Dataset records:
-- Opening Marker --

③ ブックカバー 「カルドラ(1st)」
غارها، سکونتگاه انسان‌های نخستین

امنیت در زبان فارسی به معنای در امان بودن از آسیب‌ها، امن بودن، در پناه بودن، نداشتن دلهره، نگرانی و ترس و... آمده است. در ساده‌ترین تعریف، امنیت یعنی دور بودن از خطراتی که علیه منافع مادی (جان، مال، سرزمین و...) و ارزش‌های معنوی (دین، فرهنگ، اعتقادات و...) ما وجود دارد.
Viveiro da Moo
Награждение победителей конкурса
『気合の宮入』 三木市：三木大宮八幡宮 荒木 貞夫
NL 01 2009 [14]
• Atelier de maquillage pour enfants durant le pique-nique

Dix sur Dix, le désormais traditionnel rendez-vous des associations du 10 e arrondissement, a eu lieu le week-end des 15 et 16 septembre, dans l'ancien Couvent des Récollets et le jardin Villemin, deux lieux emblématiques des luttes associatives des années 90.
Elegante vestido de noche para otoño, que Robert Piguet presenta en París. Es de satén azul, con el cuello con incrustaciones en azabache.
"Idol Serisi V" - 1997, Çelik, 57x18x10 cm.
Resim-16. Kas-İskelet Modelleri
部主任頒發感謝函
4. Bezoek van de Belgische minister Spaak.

-- Closing Marker --
-- Opening Marker --

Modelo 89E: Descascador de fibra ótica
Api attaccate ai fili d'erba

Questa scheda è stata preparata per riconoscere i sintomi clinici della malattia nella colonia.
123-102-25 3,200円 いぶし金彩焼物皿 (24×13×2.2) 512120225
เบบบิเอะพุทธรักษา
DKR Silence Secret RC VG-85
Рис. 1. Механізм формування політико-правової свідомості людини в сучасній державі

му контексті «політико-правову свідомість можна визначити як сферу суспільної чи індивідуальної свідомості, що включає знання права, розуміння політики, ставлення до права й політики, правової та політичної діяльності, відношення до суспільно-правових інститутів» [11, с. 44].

-- Closing Marker --
-- Opening Marker --

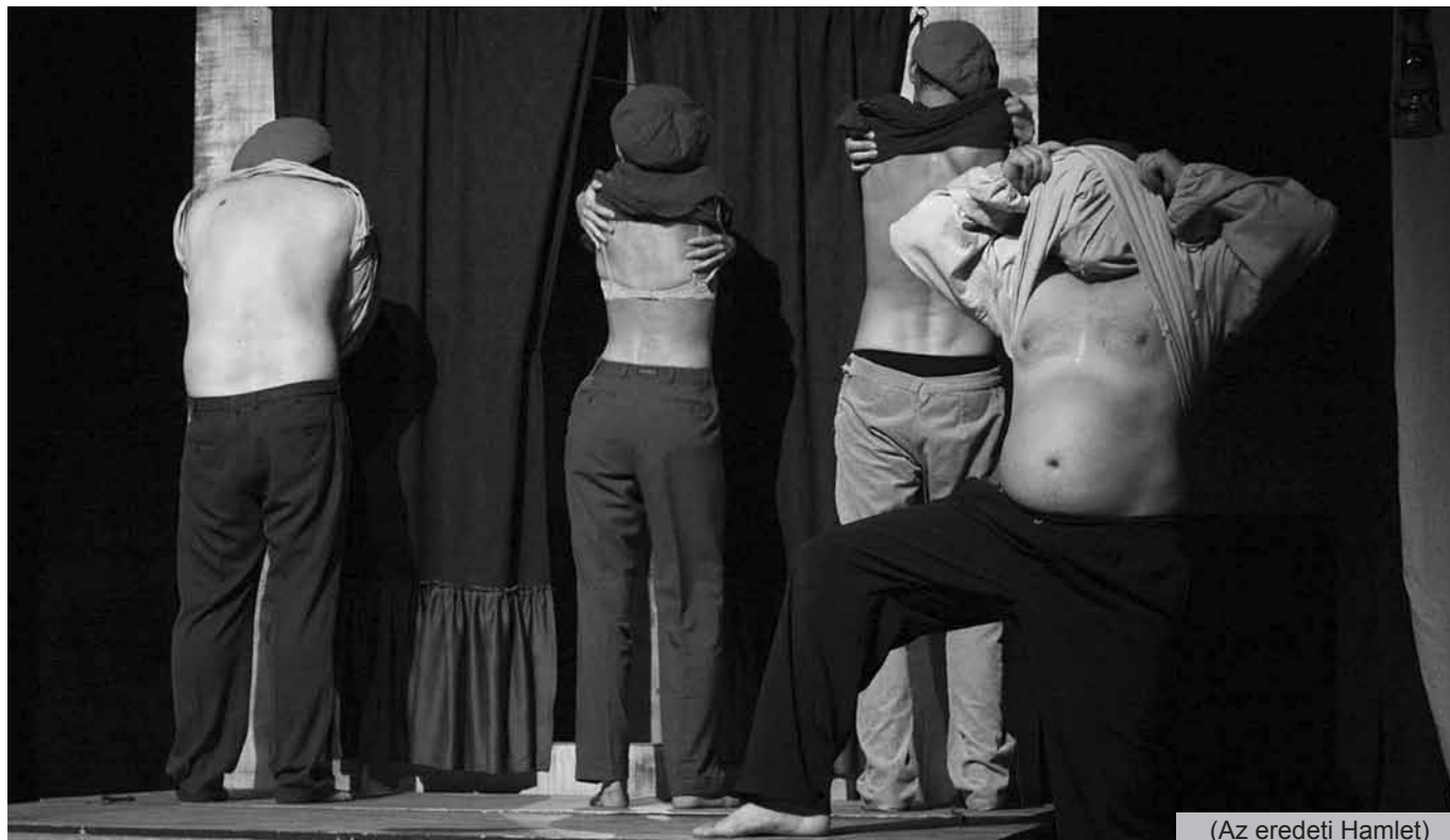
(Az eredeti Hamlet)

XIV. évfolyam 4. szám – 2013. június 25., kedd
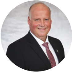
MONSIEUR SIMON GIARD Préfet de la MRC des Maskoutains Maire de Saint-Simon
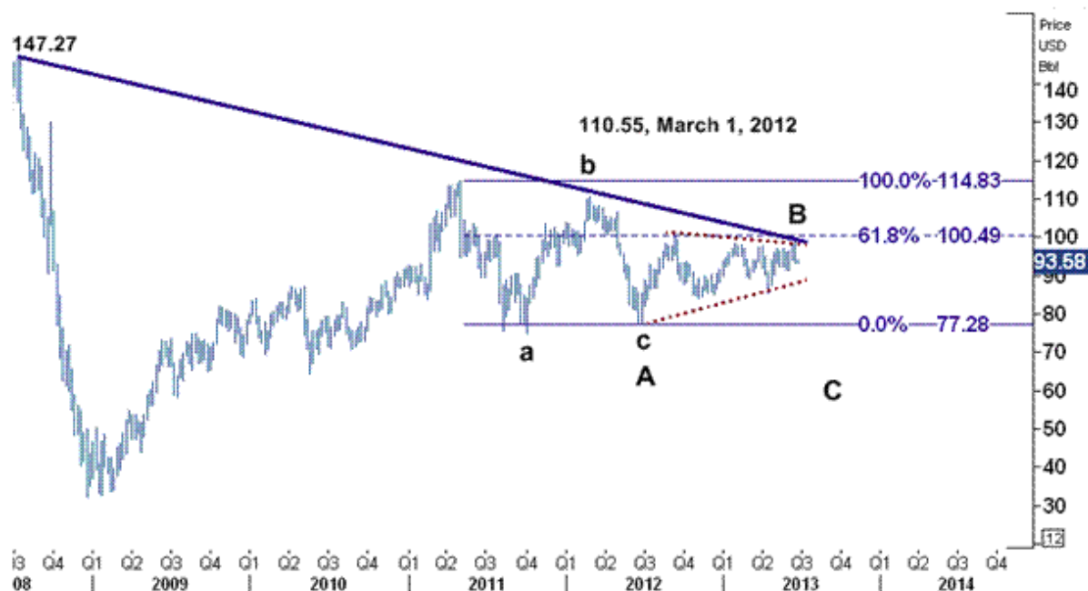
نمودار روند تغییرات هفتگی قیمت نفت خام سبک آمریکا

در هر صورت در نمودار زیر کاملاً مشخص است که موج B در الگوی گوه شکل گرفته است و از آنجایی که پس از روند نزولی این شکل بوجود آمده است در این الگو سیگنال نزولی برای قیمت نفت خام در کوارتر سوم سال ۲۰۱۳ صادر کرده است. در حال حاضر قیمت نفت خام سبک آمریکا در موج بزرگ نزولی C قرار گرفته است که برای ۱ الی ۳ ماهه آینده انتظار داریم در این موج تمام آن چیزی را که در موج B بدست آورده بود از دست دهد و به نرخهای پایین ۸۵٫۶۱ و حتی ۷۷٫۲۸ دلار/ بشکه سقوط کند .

-- Closing Marker --

The word to find is "نمودار". Copy every line of the data that holds it.

نمودار روند تغییرات هفتگی قیمت نفت خام سبک آمریکا
در هر صورت در نمودار زیر کاملاً مشخص است که موج B در الگوی گوه شکل گرفته است و از آنجایی که پس از روند نزولی این شکل بوجود آمده است در این الگو سیگنال نزولی برای قیمت نفت خام در کوارتر سوم سال ۲۰۱۳ صادر کرده است. در حال حاضر قیمت نفت خام سبک آمریکا در موج بزرگ نزولی C قرار گرفته است که برای ۱ الی ۳ ماهه آینده انتظار داریم در این موج تمام آن چیزی را که در موج B بدست آورده بود از دست دهد و به نرخهای پایین ۸۵٫۶۱ و حتی ۷۷٫۲۸ دلار/ بشکه سقوط کند .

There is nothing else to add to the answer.